** THE DATA follows **
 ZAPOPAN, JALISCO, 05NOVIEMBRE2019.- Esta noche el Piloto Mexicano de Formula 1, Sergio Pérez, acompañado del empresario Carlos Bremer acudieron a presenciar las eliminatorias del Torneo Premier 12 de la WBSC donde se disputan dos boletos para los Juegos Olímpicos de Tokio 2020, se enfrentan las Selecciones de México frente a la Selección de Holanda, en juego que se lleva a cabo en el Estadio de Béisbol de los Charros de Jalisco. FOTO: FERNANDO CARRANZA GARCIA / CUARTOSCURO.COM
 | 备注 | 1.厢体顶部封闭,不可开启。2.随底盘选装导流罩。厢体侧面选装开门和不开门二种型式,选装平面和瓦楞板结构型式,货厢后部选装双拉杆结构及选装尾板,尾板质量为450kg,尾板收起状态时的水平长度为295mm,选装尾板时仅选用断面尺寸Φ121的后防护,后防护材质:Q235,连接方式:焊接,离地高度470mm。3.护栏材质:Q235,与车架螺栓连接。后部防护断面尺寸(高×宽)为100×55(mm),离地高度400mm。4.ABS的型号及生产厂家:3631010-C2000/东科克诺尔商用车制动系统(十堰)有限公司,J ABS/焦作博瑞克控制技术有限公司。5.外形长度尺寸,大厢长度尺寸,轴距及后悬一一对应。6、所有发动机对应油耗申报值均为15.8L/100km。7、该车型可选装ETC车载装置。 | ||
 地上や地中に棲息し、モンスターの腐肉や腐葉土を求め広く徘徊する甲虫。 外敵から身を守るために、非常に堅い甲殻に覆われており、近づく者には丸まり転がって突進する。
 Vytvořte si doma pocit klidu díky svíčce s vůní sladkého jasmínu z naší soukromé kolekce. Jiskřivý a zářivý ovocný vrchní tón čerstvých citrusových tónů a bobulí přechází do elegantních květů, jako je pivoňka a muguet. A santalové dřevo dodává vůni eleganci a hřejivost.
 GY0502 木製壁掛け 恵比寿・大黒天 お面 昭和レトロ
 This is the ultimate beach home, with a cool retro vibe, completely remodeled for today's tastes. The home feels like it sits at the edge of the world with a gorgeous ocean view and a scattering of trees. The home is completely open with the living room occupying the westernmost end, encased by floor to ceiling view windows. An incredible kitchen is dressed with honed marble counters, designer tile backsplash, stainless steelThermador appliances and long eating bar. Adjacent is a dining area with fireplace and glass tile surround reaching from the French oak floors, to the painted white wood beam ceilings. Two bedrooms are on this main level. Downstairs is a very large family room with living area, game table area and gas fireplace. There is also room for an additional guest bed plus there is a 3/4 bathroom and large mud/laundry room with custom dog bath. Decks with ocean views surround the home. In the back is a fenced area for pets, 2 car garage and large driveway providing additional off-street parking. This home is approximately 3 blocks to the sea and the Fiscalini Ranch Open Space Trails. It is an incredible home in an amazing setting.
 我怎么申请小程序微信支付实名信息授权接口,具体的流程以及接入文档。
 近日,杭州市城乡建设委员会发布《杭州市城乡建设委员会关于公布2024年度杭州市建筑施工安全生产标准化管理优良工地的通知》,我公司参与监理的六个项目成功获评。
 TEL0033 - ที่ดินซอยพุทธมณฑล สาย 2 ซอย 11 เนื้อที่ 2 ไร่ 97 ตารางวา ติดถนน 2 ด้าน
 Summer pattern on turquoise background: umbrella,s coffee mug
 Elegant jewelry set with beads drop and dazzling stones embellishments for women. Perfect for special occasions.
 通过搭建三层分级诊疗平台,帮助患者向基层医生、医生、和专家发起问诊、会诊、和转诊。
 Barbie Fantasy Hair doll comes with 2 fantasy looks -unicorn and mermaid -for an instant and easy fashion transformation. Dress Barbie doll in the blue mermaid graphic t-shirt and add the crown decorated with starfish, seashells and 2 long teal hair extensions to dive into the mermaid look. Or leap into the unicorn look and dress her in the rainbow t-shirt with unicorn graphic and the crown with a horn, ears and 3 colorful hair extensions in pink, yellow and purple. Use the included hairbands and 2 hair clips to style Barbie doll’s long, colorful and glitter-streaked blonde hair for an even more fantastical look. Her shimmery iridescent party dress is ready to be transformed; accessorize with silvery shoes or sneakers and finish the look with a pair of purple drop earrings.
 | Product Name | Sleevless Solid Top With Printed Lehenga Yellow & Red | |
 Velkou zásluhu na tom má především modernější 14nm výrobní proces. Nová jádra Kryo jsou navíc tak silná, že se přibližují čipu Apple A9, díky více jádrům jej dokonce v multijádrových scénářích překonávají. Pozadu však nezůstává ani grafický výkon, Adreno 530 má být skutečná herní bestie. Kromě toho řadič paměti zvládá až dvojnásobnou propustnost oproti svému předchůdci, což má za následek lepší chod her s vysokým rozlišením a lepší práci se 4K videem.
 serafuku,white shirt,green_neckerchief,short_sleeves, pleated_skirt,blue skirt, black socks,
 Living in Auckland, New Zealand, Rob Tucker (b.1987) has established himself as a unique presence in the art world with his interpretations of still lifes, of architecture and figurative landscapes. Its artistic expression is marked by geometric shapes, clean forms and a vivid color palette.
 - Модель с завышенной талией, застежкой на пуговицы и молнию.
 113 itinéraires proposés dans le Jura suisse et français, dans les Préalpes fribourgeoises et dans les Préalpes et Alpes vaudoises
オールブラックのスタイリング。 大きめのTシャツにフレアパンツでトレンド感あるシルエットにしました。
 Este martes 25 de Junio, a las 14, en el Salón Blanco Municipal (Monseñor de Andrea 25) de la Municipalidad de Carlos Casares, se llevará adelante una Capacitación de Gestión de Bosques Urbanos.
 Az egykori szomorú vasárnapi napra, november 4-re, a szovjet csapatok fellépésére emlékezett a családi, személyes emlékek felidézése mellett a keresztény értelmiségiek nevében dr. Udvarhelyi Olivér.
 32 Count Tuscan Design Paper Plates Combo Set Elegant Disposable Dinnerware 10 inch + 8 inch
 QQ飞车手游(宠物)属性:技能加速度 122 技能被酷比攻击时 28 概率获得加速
** End of THE DATA **
#### [TASK DIRECTIONS]
Exact copies of all the entries above are to be printed.

#### [TASK RESULT]
 ZAPOPAN, JALISCO, 05NOVIEMBRE2019.- Esta noche el Piloto Mexicano de Formula 1, Sergio Pérez, acompañado del empresario Carlos Bremer acudieron a presenciar las eliminatorias del Torneo Premier 12 de la WBSC donde se disputan dos boletos para los Juegos Olímpicos de Tokio 2020, se enfrentan las Selecciones de México frente a la Selección de Holanda, en juego que se lleva a cabo en el Estadio de Béisbol de los Charros de Jalisco. FOTO: FERNANDO CARRANZA GARCIA / CUARTOSCURO.COM
 | 备注 | 1.厢体顶部封闭,不可开启。2.随底盘选装导流罩。厢体侧面选装开门和不开门二种型式,选装平面和瓦楞板结构型式,货厢后部选装双拉杆结构及选装尾板,尾板质量为450kg,尾板收起状态时的水平长度为295mm,选装尾板时仅选用断面尺寸Φ121的后防护,后防护材质:Q235,连接方式:焊接,离地高度470mm。3.护栏材质:Q235,与车架螺栓连接。后部防护断面尺寸(高×宽)为100×55(mm),离地高度400mm。4.ABS的型号及生产厂家:3631010-C2000/东科克诺尔商用车制动系统(十堰)有限公司,J ABS/焦作博瑞克控制技术有限公司。5.外形长度尺寸,大厢长度尺寸,轴距及后悬一一对应。6、所有发动机对应油耗申报值均为15.8L/100km。7、该车型可选装ETC车载装置。 | ||
 地上や地中に棲息し、モンスターの腐肉や腐葉土を求め広く徘徊する甲虫。 外敵から身を守るために、非常に堅い甲殻に覆われており、近づく者には丸まり転がって突進する。
 Vytvořte si doma pocit klidu díky svíčce s vůní sladkého jasmínu z naší soukromé kolekce. Jiskřivý a zářivý ovocný vrchní tón čerstvých citrusových tónů a bobulí přechází do elegantních květů, jako je pivoňka a muguet. A santalové dřevo dodává vůni eleganci a hřejivost.
 GY0502 木製壁掛け 恵比寿・大黒天 お面 昭和レトロ
 This is the ultimate beach home, with a cool retro vibe, completely remodeled for today's tastes. The home feels like it sits at the edge of the world with a gorgeous ocean view and a scattering of trees. The home is completely open with the living room occupying the westernmost end, encased by floor to ceiling view windows. An incredible kitchen is dressed with honed marble counters, designer tile backsplash, stainless steelThermador appliances and long eating bar. Adjacent is a dining area with fireplace and glass tile surround reaching from the French oak floors, to the painted white wood beam ceilings. Two bedrooms are on this main level. Downstairs is a very large family room with living area, game table area and gas fireplace. There is also room for an additional guest bed plus there is a 3/4 bathroom and large mud/laundry room with custom dog bath. Decks with ocean views surround the home. In the back is a fenced area for pets, 2 car garage and large driveway providing additional off-street parking. This home is approximately 3 blocks to the sea and the Fiscalini Ranch Open Space Trails. It is an incredible home in an amazing setting.
 我怎么申请小程序微信支付实名信息授权接口,具体的流程以及接入文档。
 近日,杭州市城乡建设委员会发布《杭州市城乡建设委员会关于公布2024年度杭州市建筑施工安全生产标准化管理优良工地的通知》,我公司参与监理的六个项目成功获评。
 TEL0033 - ที่ดินซอยพุทธมณฑล สาย 2 ซอย 11 เนื้อที่ 2 ไร่ 97 ตารางวา ติดถนน 2 ด้าน
 Summer pattern on turquoise background: umbrella,s coffee mug
 Elegant jewelry set with beads drop and dazzling stones embellishments for women. Perfect for special occasions.
 通过搭建三层分级诊疗平台,帮助患者向基层医生、医生、和专家发起问诊、会诊、和转诊。
 Barbie Fantasy Hair doll comes with 2 fantasy looks -unicorn and mermaid -for an instant and easy fashion transformation. Dress Barbie doll in the blue mermaid graphic t-shirt and add the crown decorated with starfish, seashells and 2 long teal hair extensions to dive into the mermaid look. Or leap into the unicorn look and dress her in the rainbow t-shirt with unicorn graphic and the crown with a horn, ears and 3 colorful hair extensions in pink, yellow and purple. Use the included hairbands and 2 hair clips to style Barbie doll’s long, colorful and glitter-streaked blonde hair for an even more fantastical look. Her shimmery iridescent party dress is ready to be transformed; accessorize with silvery shoes or sneakers and finish the look with a pair of purple drop earrings.
 | Product Name | Sleevless Solid Top With Printed Lehenga Yellow & Red | |
 Velkou zásluhu na tom má především modernější 14nm výrobní proces. Nová jádra Kryo jsou navíc tak silná, že se přibližují čipu Apple A9, díky více jádrům jej dokonce v multijádrových scénářích překonávají. Pozadu však nezůstává ani grafický výkon, Adreno 530 má být skutečná herní bestie. Kromě toho řadič paměti zvládá až dvojnásobnou propustnost oproti svému předchůdci, což má za následek lepší chod her s vysokým rozlišením a lepší práci se 4K videem.
 serafuku,white shirt,green_neckerchief,short_sleeves, pleated_skirt,blue skirt, black socks,
 Living in Auckland, New Zealand, Rob Tucker (b.1987) has established himself as a unique presence in the art world with his interpretations of still lifes, of architecture and figurative landscapes. Its artistic expression is marked by geometric shapes, clean forms and a vivid color palette.
 - Модель с завышенной талией, застежкой на пуговицы и молнию.
 113 itinéraires proposés dans le Jura suisse et français, dans les Préalpes fribourgeoises et dans les Préalpes et Alpes vaudoises
オールブラックのスタイリング。 大きめのTシャツにフレアパンツでトレンド感あるシルエットにしました。
 Este martes 25 de Junio, a las 14, en el Salón Blanco Municipal (Monseñor de Andrea 25) de la Municipalidad de Carlos Casares, se llevará adelante una Capacitación de Gestión de Bosques Urbanos.
 Az egykori szomorú vasárnapi napra, november 4-re, a szovjet csapatok fellépésére emlékezett a családi, személyes emlékek felidézése mellett a keresztény értelmiségiek nevében dr. Udvarhelyi Olivér.
 32 Count Tuscan Design Paper Plates Combo Set Elegant Disposable Dinnerware 10 inch + 8 inch
 QQ飞车手游(宠物)属性:技能加速度 122 技能被酷比攻击时 28 概率获得加速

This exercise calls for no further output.